Все же эволюционная биология не отказывается от понятия «вид». Она упорядочивает органический мир как видами, которые понимаются как развивающиеся во времени, как составляющие «сообщество размножения», так и индивидами, которые образуют сообщество так долго, покуда могут размножаться[2]. Не только эволюционное мышление, но и наше мышление вообще не могут обходиться без понятий «вид» и «сущность». К генеалогическим условиям нашего мышления относится его опора на аристотелевские сущности, ибо без предмета, без «сущности» оно не может мыслить и самого себя Ницше ясно понимал и учитывал это обстоятельство. В известном фрагменте из неопубликованных при жизни заметок он говорил о «схеме», с помощью которой мы мыслим и которую не можем отбросить. Благодаря этому мы можем увидеть «границу как границу».[3] Ницше стремится осмыслить эту границу как временную, ибо отрицает вневременные сущности. Мысля сущность в перспективе времени, он мыслит во времени.

4. «Сущность» у Аристотеля была понятием, благодаря которому он мог мыслить тождество, но при этом утрачивал время. Он лишился времени, сделав «сущность» властью, управляющей становлением и изменением. Поэтому и Ницше, мысливший тождественность в аспекте времени, должен был перейти от понятия сущности к понятию власти. Решающим шагом на пути к новому понятию понятия является отказ мыслить «власть» как «сущность». Власть определяется в противостоянии или в игре с другой властью. Это важное и новое понимание: при использовании понятия «сущность» «тождество» определяется без какого-либо сравнения с другим, напротив, власть принципиально связана с другим. В силу своей независимости от другого сущность имеет саму себя источником своего изменения. Наоборот, власть в игре с другими силами не остается постоянной, а каждый раз полагает себя заново.
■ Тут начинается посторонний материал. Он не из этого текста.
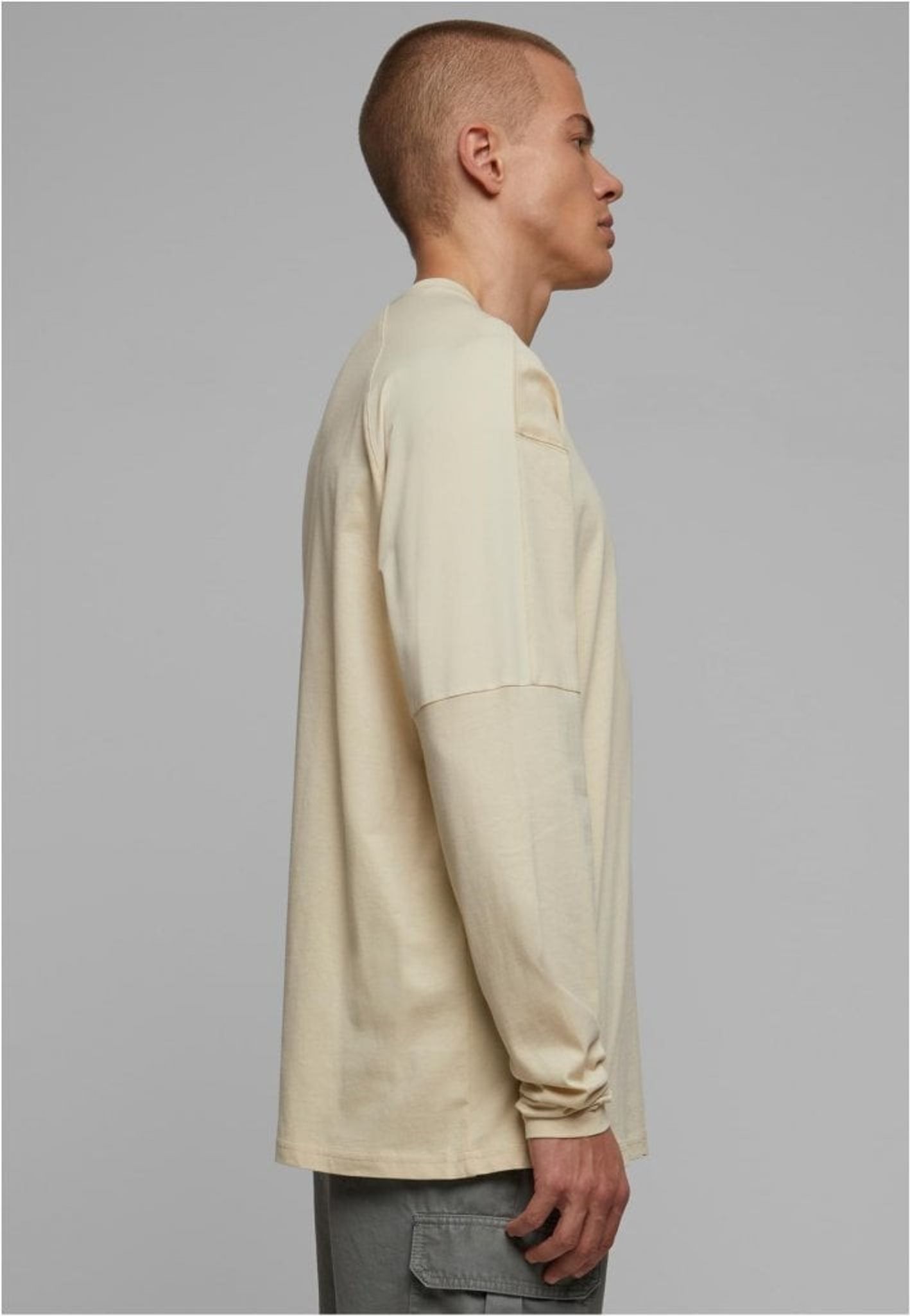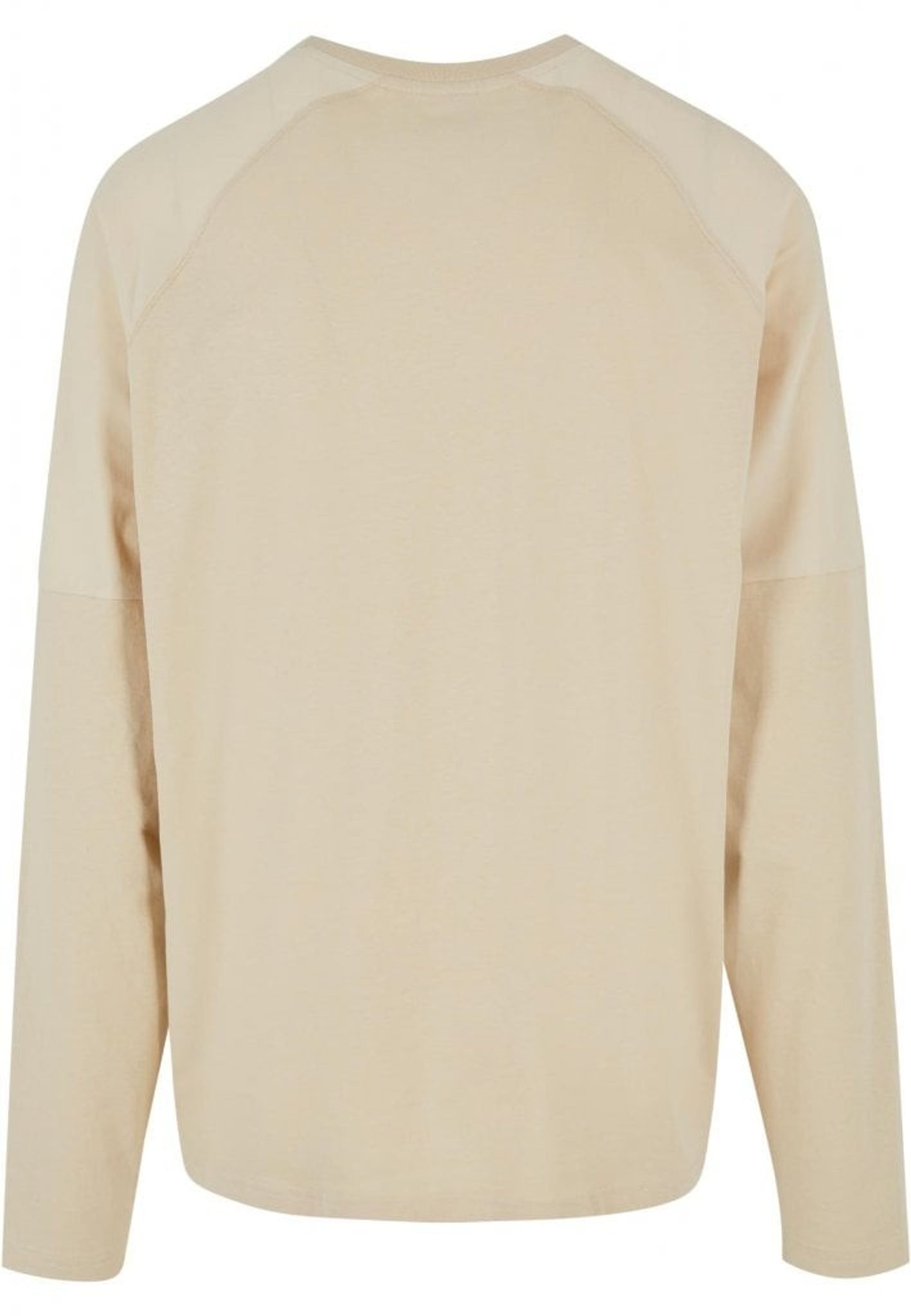 Den långärmade herrtröjan har en raglanformad rygg. En speciell egenskap är axlarna och baksidan av ärmarna som består av slät nylon, vilket bildar en intressant kontrast med den använda bomullen.

Власть в смысле Ницше — это власть определений — касается ли это органического мира, где власть организует другое по своей воле, или человека, употребляющего понятия, которые устанавливают порядок.

Власть — это понятие, полагаемое до различения жизни и мышления, но предполагающее их противоположность. Ницше не только не стремится их сознательно разделять, но, наоборот, считает мышление и жизнь едиными, понимает мышление из жизни, а жизнь из мышления. «Логика нашего сознательного мышления, — писал он, — есть лишь приблизительное и огрубленное повторение того, что необходимо присуще нашему организму и даже каждому отдельному органу его».[4] Поэтому если в органическом мире все происходящее есть борьба за господство, то естественно, что господствующее и сильное выступают основой новой интерпретации, что в ходе такой новой интерпретации или оправдания новой власти прежние «смысл» и «цель» или затеняются, или исчезают вовсе.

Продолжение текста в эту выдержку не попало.